#### [What is being asked]
Through to the final line, write out the records below exactly, omitting any images they contain.

Stored items
-=-=-

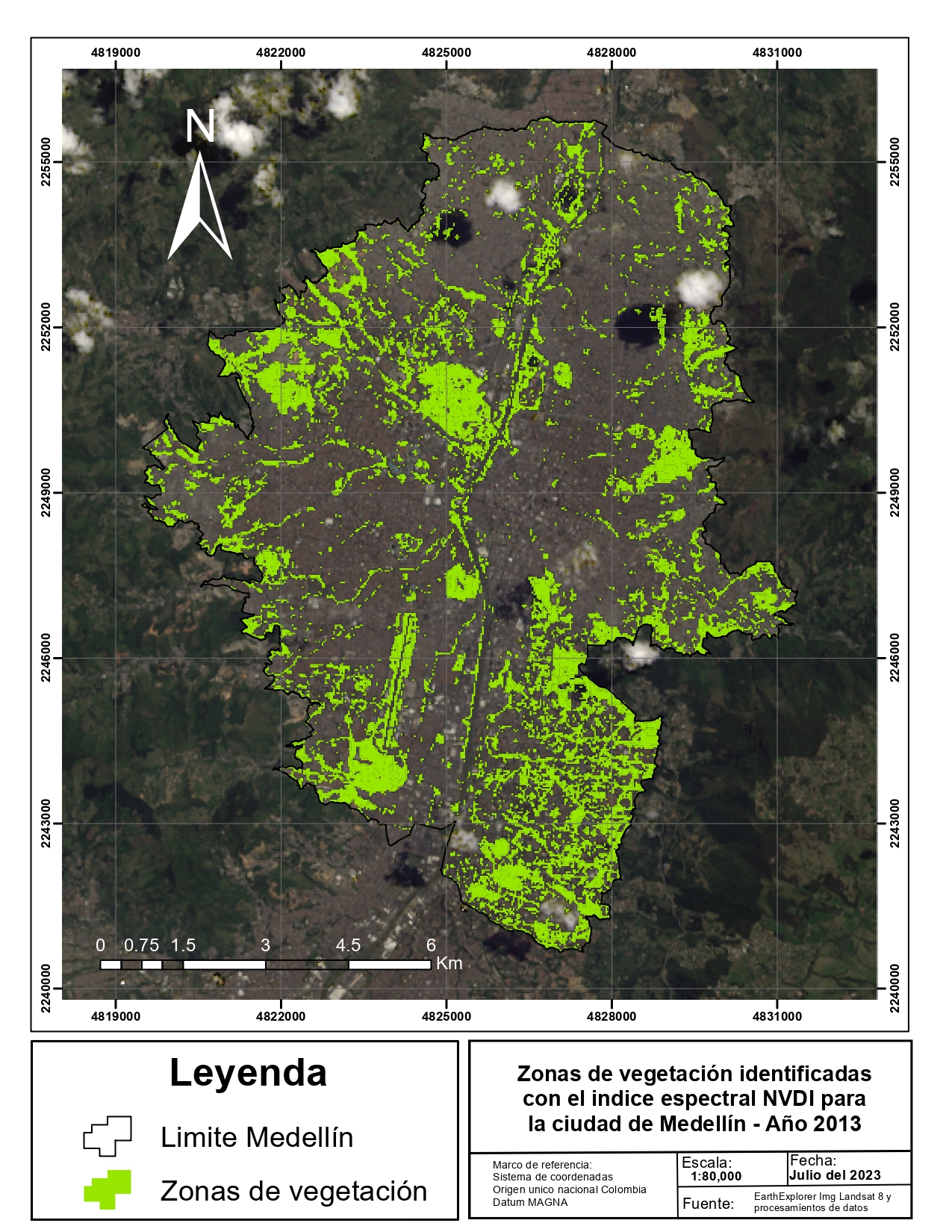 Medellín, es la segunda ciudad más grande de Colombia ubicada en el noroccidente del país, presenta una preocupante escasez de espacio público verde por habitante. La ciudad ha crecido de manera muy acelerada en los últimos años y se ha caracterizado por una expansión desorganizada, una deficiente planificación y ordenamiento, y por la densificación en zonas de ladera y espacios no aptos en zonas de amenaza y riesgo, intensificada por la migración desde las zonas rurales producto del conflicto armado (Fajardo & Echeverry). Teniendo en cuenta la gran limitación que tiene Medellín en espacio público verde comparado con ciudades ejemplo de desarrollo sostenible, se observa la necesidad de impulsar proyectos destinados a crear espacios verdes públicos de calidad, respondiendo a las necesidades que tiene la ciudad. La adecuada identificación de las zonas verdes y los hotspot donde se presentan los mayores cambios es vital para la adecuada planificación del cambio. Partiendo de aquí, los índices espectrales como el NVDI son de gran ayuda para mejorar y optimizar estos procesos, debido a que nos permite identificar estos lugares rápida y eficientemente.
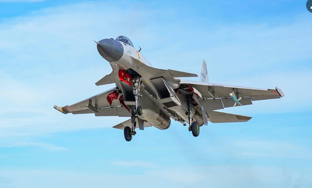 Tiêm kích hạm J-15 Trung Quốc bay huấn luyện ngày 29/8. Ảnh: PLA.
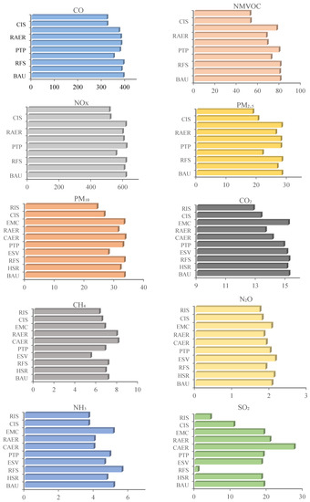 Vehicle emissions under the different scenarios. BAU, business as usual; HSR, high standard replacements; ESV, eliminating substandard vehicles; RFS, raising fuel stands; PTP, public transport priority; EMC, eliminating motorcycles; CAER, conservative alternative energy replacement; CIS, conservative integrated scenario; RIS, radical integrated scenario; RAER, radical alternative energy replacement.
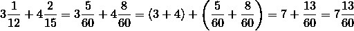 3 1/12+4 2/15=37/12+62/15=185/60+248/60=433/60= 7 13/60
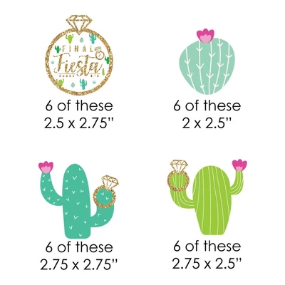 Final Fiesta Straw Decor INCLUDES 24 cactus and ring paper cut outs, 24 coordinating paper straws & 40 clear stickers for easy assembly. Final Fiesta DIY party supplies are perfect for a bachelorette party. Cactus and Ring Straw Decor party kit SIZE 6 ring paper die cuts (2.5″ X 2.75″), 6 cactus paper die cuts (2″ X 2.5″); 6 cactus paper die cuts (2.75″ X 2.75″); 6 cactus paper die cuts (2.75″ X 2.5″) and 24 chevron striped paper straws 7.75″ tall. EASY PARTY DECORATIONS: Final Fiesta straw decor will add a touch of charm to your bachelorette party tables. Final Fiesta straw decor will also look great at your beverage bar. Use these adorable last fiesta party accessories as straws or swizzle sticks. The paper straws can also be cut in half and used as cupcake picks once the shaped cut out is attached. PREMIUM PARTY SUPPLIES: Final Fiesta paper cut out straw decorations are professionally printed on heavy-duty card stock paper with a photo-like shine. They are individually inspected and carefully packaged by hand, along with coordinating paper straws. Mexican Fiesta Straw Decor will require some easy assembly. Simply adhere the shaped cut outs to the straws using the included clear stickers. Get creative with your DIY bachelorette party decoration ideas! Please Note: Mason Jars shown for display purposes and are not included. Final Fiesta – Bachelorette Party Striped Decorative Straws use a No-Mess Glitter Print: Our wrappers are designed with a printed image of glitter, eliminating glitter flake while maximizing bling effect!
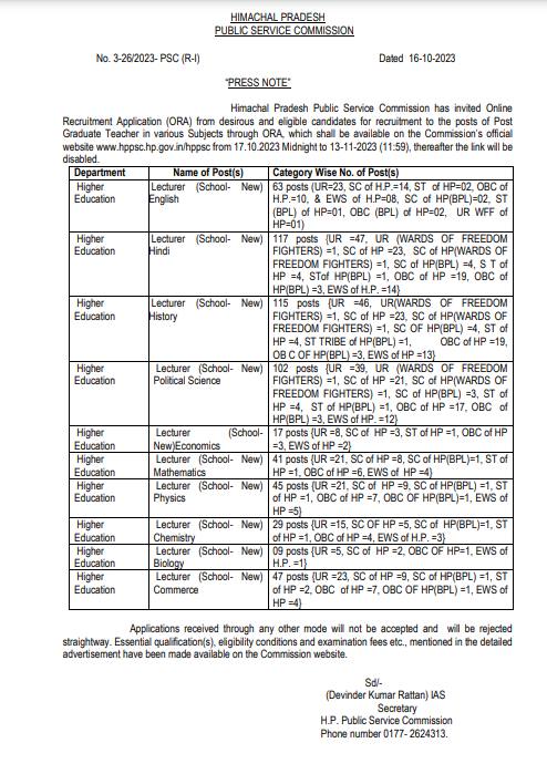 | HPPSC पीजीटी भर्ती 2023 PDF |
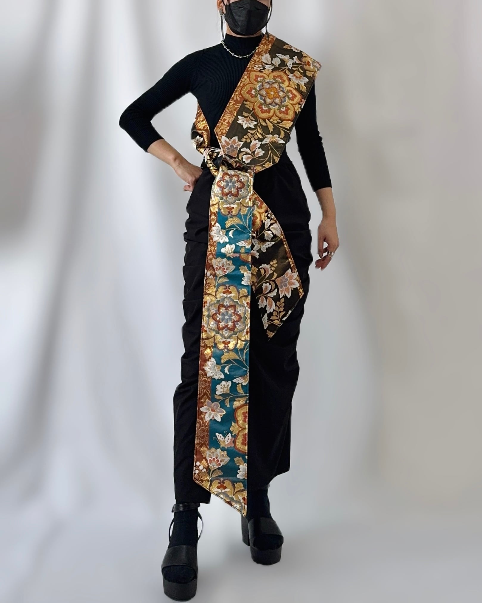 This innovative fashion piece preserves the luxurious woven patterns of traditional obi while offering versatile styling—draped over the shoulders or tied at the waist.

-=-=-

#### [The answer]
 Medellín, es la segunda ciudad más grande de Colombia ubicada en el noroccidente del país, presenta una preocupante escasez de espacio público verde por habitante. La ciudad ha crecido de manera muy acelerada en los últimos años y se ha caracterizado por una expansión desorganizada, una deficiente planificación y ordenamiento, y por la densificación en zonas de ladera y espacios no aptos en zonas de amenaza y riesgo, intensificada por la migración desde las zonas rurales producto del conflicto armado (Fajardo & Echeverry). Teniendo en cuenta la gran limitación que tiene Medellín en espacio público verde comparado con ciudades ejemplo de desarrollo sostenible, se observa la necesidad de impulsar proyectos destinados a crear espacios verdes públicos de calidad, respondiendo a las necesidades que tiene la ciudad. La adecuada identificación de las zonas verdes y los hotspot donde se presentan los mayores cambios es vital para la adecuada planificación del cambio. Partiendo de aquí, los índices espectrales como el NVDI son de gran ayuda para mejorar y optimizar estos procesos, debido a que nos permite identificar estos lugares rápida y eficientemente.
 Tiêm kích hạm J-15 Trung Quốc bay huấn luyện ngày 29/8. Ảnh: PLA.
 Vehicle emissions under the different scenarios. BAU, business as usual; HSR, high standard replacements; ESV, eliminating substandard vehicles; RFS, raising fuel stands; PTP, public transport priority; EMC, eliminating motorcycles; CAER, conservative alternative energy replacement; CIS, conservative integrated scenario; RIS, radical integrated scenario; RAER, radical alternative energy replacement.
 3 1/12+4 2/15=37/12+62/15=185/60+248/60=433/60= 7 13/60
 Final Fiesta Straw Decor INCLUDES 24 cactus and ring paper cut outs, 24 coordinating paper straws & 40 clear stickers for easy assembly. Final Fiesta DIY party supplies are perfect for a bachelorette party. Cactus and Ring Straw Decor party kit SIZE 6 ring paper die cuts (2.5″ X 2.75″), 6 cactus paper die cuts (2″ X 2.5″); 6 cactus paper die cuts (2.75″ X 2.75″); 6 cactus paper die cuts (2.75″ X 2.5″) and 24 chevron striped paper straws 7.75″ tall. EASY PARTY DECORATIONS: Final Fiesta straw decor will add a touch of charm to your bachelorette party tables. Final Fiesta straw decor will also look great at your beverage bar. Use these adorable last fiesta party accessories as straws or swizzle sticks. The paper straws can also be cut in half and used as cupcake picks once the shaped cut out is attached. PREMIUM PARTY SUPPLIES: Final Fiesta paper cut out straw decorations are professionally printed on heavy-duty card stock paper with a photo-like shine. They are individually inspected and carefully packaged by hand, along with coordinating paper straws. Mexican Fiesta Straw Decor will require some easy assembly. Simply adhere the shaped cut outs to the straws using the included clear stickers. Get creative with your DIY bachelorette party decoration ideas! Please Note: Mason Jars shown for display purposes and are not included. Final Fiesta – Bachelorette Party Striped Decorative Straws use a No-Mess Glitter Print: Our wrappers are designed with a printed image of glitter, eliminating glitter flake while maximizing bling effect!
 | HPPSC पीजीटी भर्ती 2023 PDF |
 This innovative fashion piece preserves the luxurious woven patterns of traditional obi while offering versatile styling—draped over the shoulders or tied at the waist.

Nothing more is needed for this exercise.